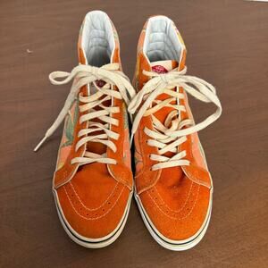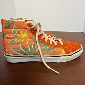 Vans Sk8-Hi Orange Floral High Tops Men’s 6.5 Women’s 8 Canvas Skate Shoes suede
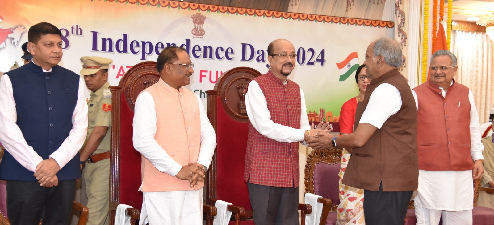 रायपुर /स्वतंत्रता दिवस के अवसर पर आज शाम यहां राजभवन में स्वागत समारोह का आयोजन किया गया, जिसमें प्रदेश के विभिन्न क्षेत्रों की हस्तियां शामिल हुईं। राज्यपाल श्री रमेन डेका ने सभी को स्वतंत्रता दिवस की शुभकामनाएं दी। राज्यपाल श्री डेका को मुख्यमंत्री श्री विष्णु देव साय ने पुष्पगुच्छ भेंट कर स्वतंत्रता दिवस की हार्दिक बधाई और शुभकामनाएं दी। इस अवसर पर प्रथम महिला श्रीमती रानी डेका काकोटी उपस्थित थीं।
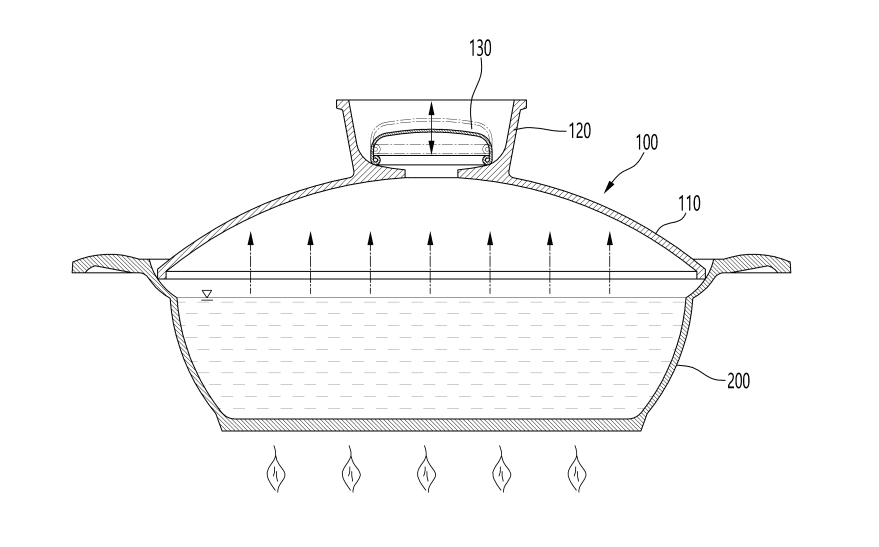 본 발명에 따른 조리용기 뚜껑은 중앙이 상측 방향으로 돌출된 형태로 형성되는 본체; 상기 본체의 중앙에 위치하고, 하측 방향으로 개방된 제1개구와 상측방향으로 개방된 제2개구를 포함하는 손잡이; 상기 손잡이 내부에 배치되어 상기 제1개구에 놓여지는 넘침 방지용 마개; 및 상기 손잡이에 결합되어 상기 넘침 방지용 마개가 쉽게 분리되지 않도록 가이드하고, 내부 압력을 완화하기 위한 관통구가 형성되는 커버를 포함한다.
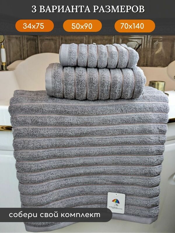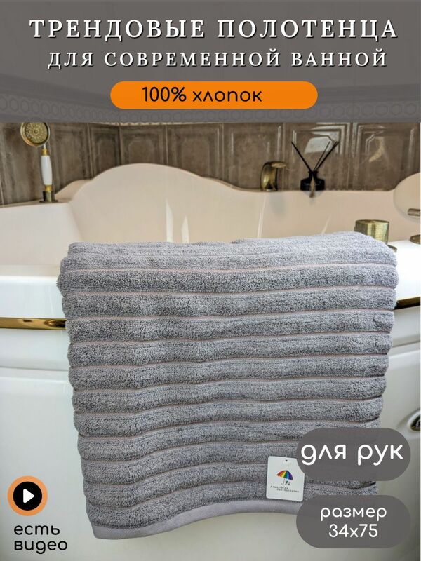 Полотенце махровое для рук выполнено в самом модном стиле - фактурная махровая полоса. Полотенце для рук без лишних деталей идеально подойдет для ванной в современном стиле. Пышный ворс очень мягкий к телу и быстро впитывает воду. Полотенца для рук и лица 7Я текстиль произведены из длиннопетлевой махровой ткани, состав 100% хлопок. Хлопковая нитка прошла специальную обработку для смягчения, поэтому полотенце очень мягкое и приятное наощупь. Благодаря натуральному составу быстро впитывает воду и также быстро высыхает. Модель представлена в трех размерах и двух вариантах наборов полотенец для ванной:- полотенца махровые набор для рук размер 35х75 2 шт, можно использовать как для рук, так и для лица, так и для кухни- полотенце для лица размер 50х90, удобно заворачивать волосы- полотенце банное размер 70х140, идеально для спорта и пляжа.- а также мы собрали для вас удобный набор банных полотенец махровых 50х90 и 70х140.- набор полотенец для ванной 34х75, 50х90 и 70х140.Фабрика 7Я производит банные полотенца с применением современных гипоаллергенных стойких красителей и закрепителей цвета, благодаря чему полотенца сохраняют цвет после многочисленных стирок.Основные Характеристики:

→ Exercise:
The listing above must be retyped word for word, without the pictures.

→ Finished task:
 Vans Sk8-Hi Orange Floral High Tops Men’s 6.5 Women’s 8 Canvas Skate Shoes suede
 रायपुर /स्वतंत्रता दिवस के अवसर पर आज शाम यहां राजभवन में स्वागत समारोह का आयोजन किया गया, जिसमें प्रदेश के विभिन्न क्षेत्रों की हस्तियां शामिल हुईं। राज्यपाल श्री रमेन डेका ने सभी को स्वतंत्रता दिवस की शुभकामनाएं दी। राज्यपाल श्री डेका को मुख्यमंत्री श्री विष्णु देव साय ने पुष्पगुच्छ भेंट कर स्वतंत्रता दिवस की हार्दिक बधाई और शुभकामनाएं दी। इस अवसर पर प्रथम महिला श्रीमती रानी डेका काकोटी उपस्थित थीं।
 본 발명에 따른 조리용기 뚜껑은 중앙이 상측 방향으로 돌출된 형태로 형성되는 본체; 상기 본체의 중앙에 위치하고, 하측 방향으로 개방된 제1개구와 상측방향으로 개방된 제2개구를 포함하는 손잡이; 상기 손잡이 내부에 배치되어 상기 제1개구에 놓여지는 넘침 방지용 마개; 및 상기 손잡이에 결합되어 상기 넘침 방지용 마개가 쉽게 분리되지 않도록 가이드하고, 내부 압력을 완화하기 위한 관통구가 형성되는 커버를 포함한다.
 Полотенце махровое для рук выполнено в самом модном стиле - фактурная махровая полоса. Полотенце для рук без лишних деталей идеально подойдет для ванной в современном стиле. Пышный ворс очень мягкий к телу и быстро впитывает воду. Полотенца для рук и лица 7Я текстиль произведены из длиннопетлевой махровой ткани, состав 100% хлопок. Хлопковая нитка прошла специальную обработку для смягчения, поэтому полотенце очень мягкое и приятное наощупь. Благодаря натуральному составу быстро впитывает воду и также быстро высыхает. Модель представлена в трех размерах и двух вариантах наборов полотенец для ванной:- полотенца махровые набор для рук размер 35х75 2 шт, можно использовать как для рук, так и для лица, так и для кухни- полотенце для лица размер 50х90, удобно заворачивать волосы- полотенце банное размер 70х140, идеально для спорта и пляжа.- а также мы собрали для вас удобный набор банных полотенец махровых 50х90 и 70х140.- набор полотенец для ванной 34х75, 50х90 и 70х140.Фабрика 7Я производит банные полотенца с применением современных гипоаллергенных стойких красителей и закрепителей цвета, благодаря чему полотенца сохраняют цвет после многочисленных стирок.Основные Характеристики:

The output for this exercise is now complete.